While Basil King has been actively expanding its footprint after the establishment of their very first outlet in Singapore, it does seem that there is yet another establishment that is entering the same space as them within the F&B scene here. Located within the Kopi Breweries coffeeshop at Blk 61 of Shun Li Industrial Park, one would be able to find A Chai Thai Food — Basil Queen 07 occupying a stall unit that is situated in the middle of the row of stalls within the coffeeshop. Just like Basil King, A Chai Thai Food — Basil Queen 07 centres its menu around its Thai-style stir-fried basil dishes; all of which featuring meat / seafood, with patrons having the choice to opt for Single, Double, Triple or Quadruple Egg options which is itself inspired by that of Phed Mark in Bangkok, Thailand. Apart from such offerings, A Chai Thai Food — Basil Queen 07 also serves up scrambled egg rice and also ala-carte Moo Ping as well.

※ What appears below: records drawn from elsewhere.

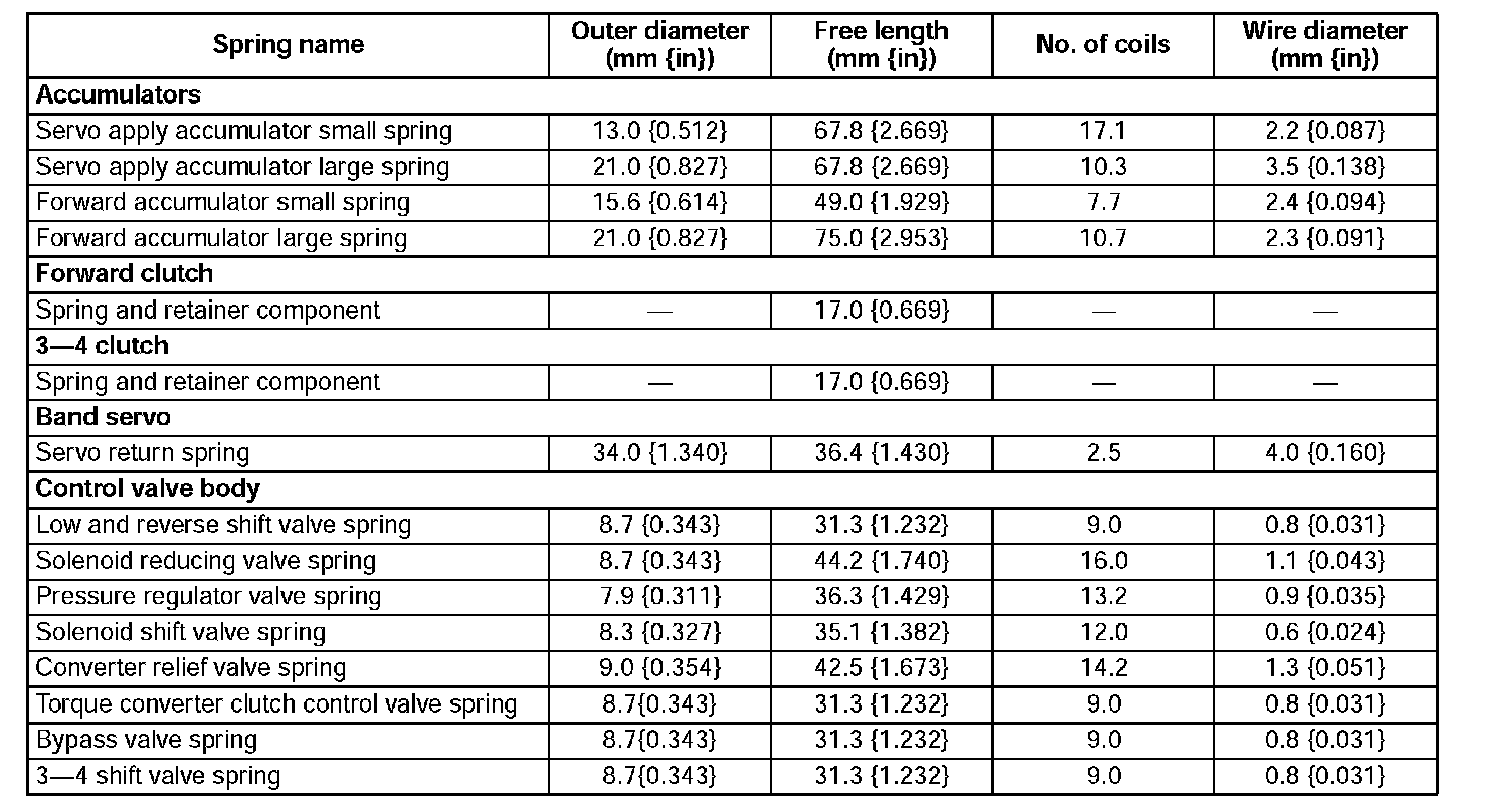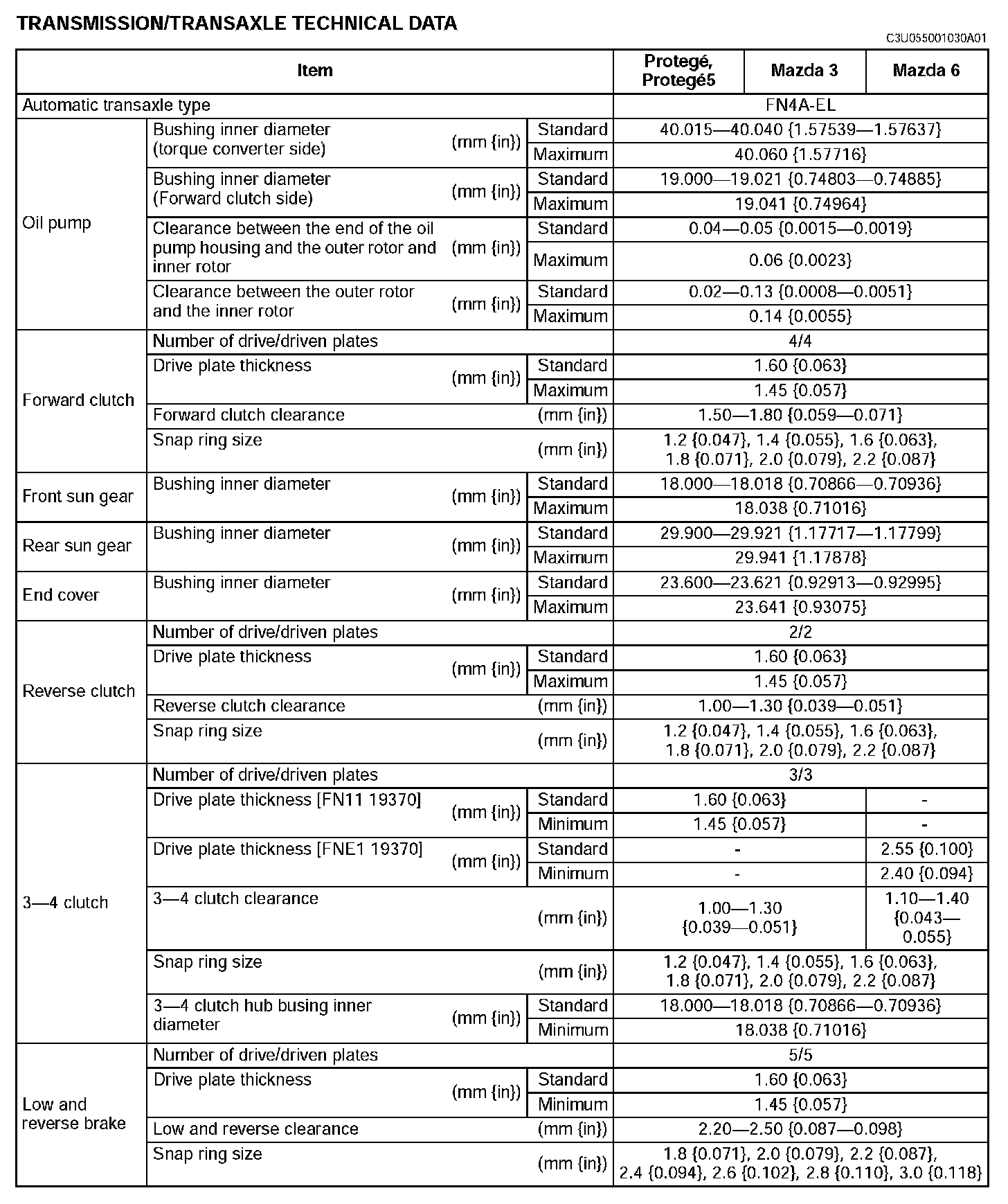 TRANSMISSION/TRANSAXLE TECHNICAL DATA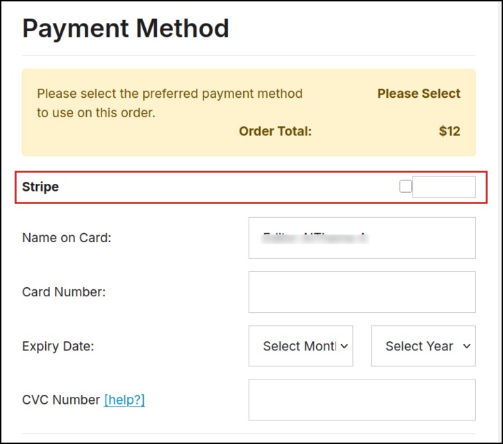 - Next when you go to the respective store, add products to the cart, checkout and continue to the Payment Method, you can see Stripe Payments for making payment for that particular order.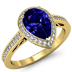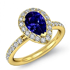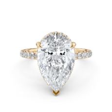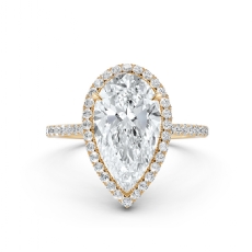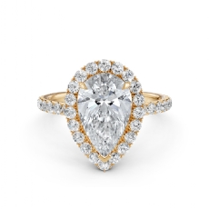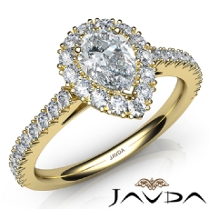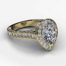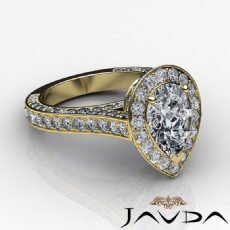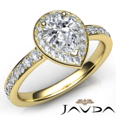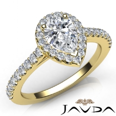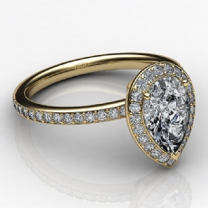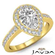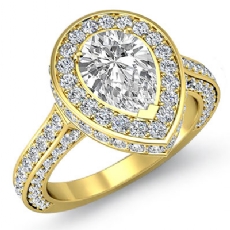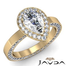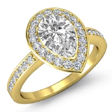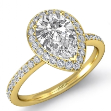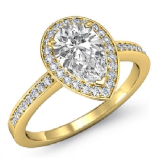 Halo Sidestone Pave Set Pear diamond engagement Ring in 14k Gold Yellow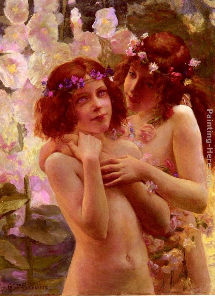 Gaston Bussiere Deux Enfants Aux Couronnes De Fleurs

We went for the Double Egg rendition for the Basil Pork which comes with a sunny side up featuring two (2) egg yolks — much to the like of how the same dish is being presented at Basil King or even at Phed Mark in Thailand. The Basil Pork Double Egg does feature all of the usual suspects that one would find in a Thai-style stir-fried basil minced pork — think French beans, chili padi, basil, minced pork; all that served with white rice on the side; patrons can opt for their desired level spiciness out of five levels which we went for Level 2 (Normal Spicy). Felt that the Basil Pork was executed in a way that we liked it — the version here does come a little saucier where one will be able to have a little bit of sauce to go with the rice. The minced pork here does come with a mix of fattier and lean parts that provides a bit of bite though was also easy to chew through; all that whilst having absorbed the savoury notes of the sauce and came without any undesirable porky stench. The notes of basil does come through to flavour up the dish, while we found Level 2 to be adequately spicy for those whom are tolerable to moderate levels of spiciness; the addition of French beans also gave the dish and element of crunch amidst the minced pork. The fried egg does feature molten egg yolks that are runny, though the base of the egg white does come a little thick and stiff — perhaps intentionally done so to achieve some ease in picking it up whilst plating the dish.